As this is not directly exposed to web pages, TestWebKitAPI unit tests were written to test this directly. Additionally a specific Web App Manifest test was added where WTF::JSON::Value is used to parse a JSON manifest specified by the page that previously would have failed.

I missed that the ChangeLogs were not updated between the first and second version of the patch in my review.
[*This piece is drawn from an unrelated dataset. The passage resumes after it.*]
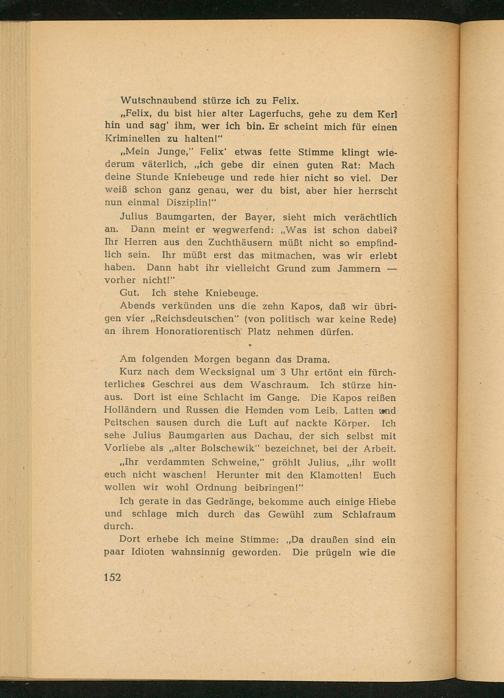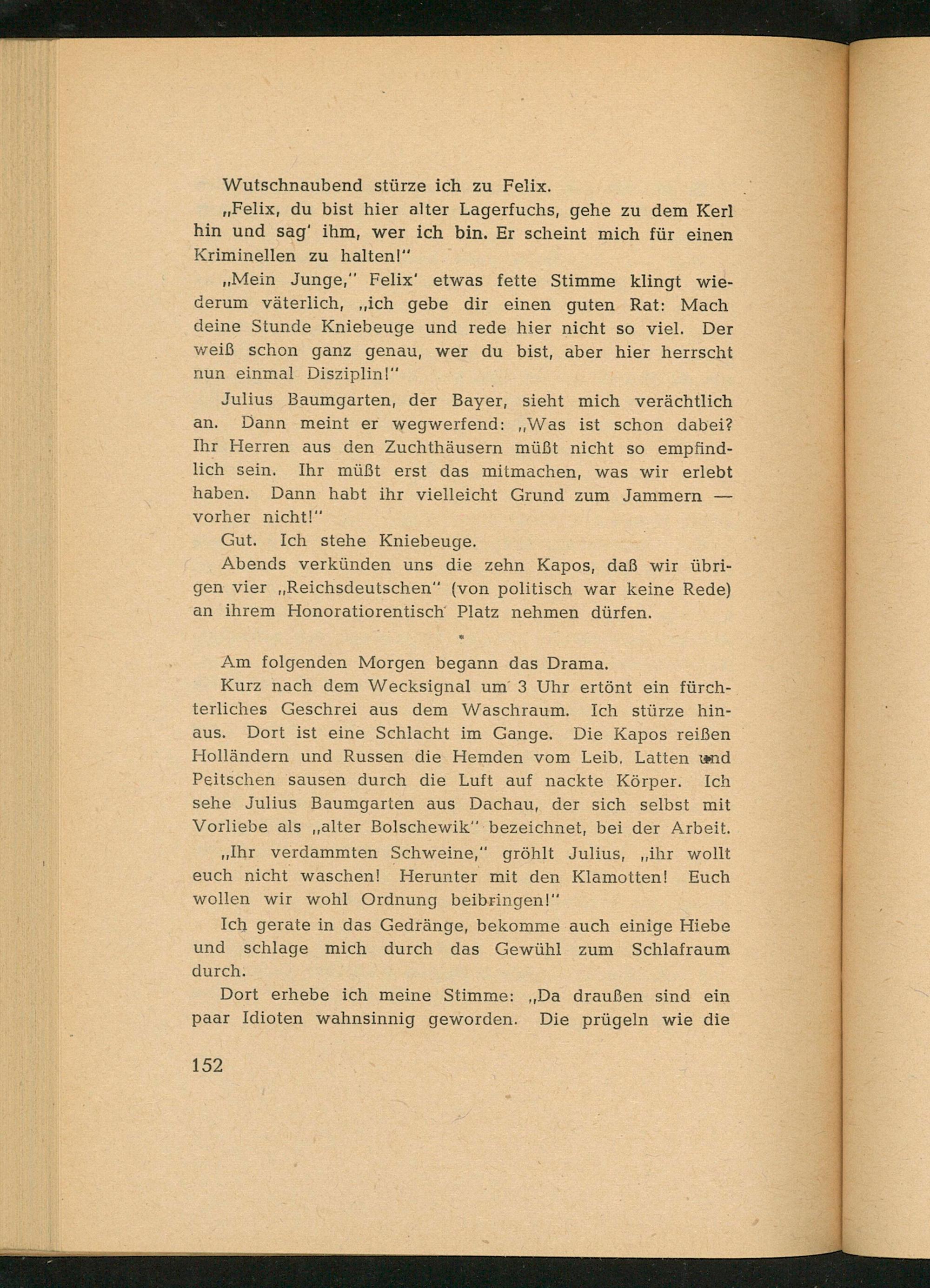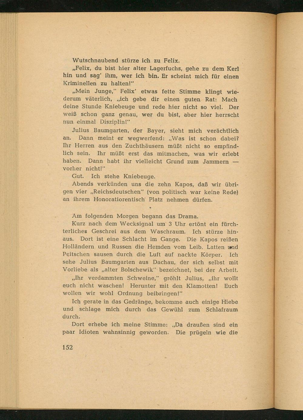 Kurz nach dem Wecksignal um 3 Uhr ertönt ein fürchterliches Geschrei aus dem Waschraum. Ich stürze hinaus. Dort ist eine Schlacht im Gange. Die Kapos reißen Holländern und Russen die Hemden vom Leib. Latten und Peitschen sausen durch die Luft auf nackte Körper. Ich sehe Julius Baumgarten aus Dachau , der sich selbst mit Vorliebe als ,, alter Bolschewik" bezeichnet, bei der Arbeit. ,, Ihr verdammten Schweine," gröhlt Julius ,,, ihr wollt euch nicht waschen! Herunter mit den Klamotten! Euch wollen wir wohl Ordnung beibringen!"

Since it was addressing my review comments I overlooked ChangeLogs.

I don't think this needs to be rolled out. Was there a specific kind of test you were looking for?
Comment 17 Alexey Proskuryakov 2017-12-08 19:36:15 PST
I was assuming that we were not crazy enough to have two JSON parsers! If this is not exposed to JS, then no other test is necessary.
Comment 18 Joseph Pecoraro 2017-12-11 10:32:31 PST
(In reply to Alexey Proskuryakov from comment #17)
> I was assuming that we were not crazy enough to have two JSON parsers!

Heh. The JavaScriptCore JSC::JSONParse parses and immediately produces JSValues tracked by the GC which is hard to work with if you want to interact with values in the JSON. WTF::JSON::Value::parseJSON parses and produces WTF::JSON::Values so it is basically a dictionary type easy to query, build, and stringify.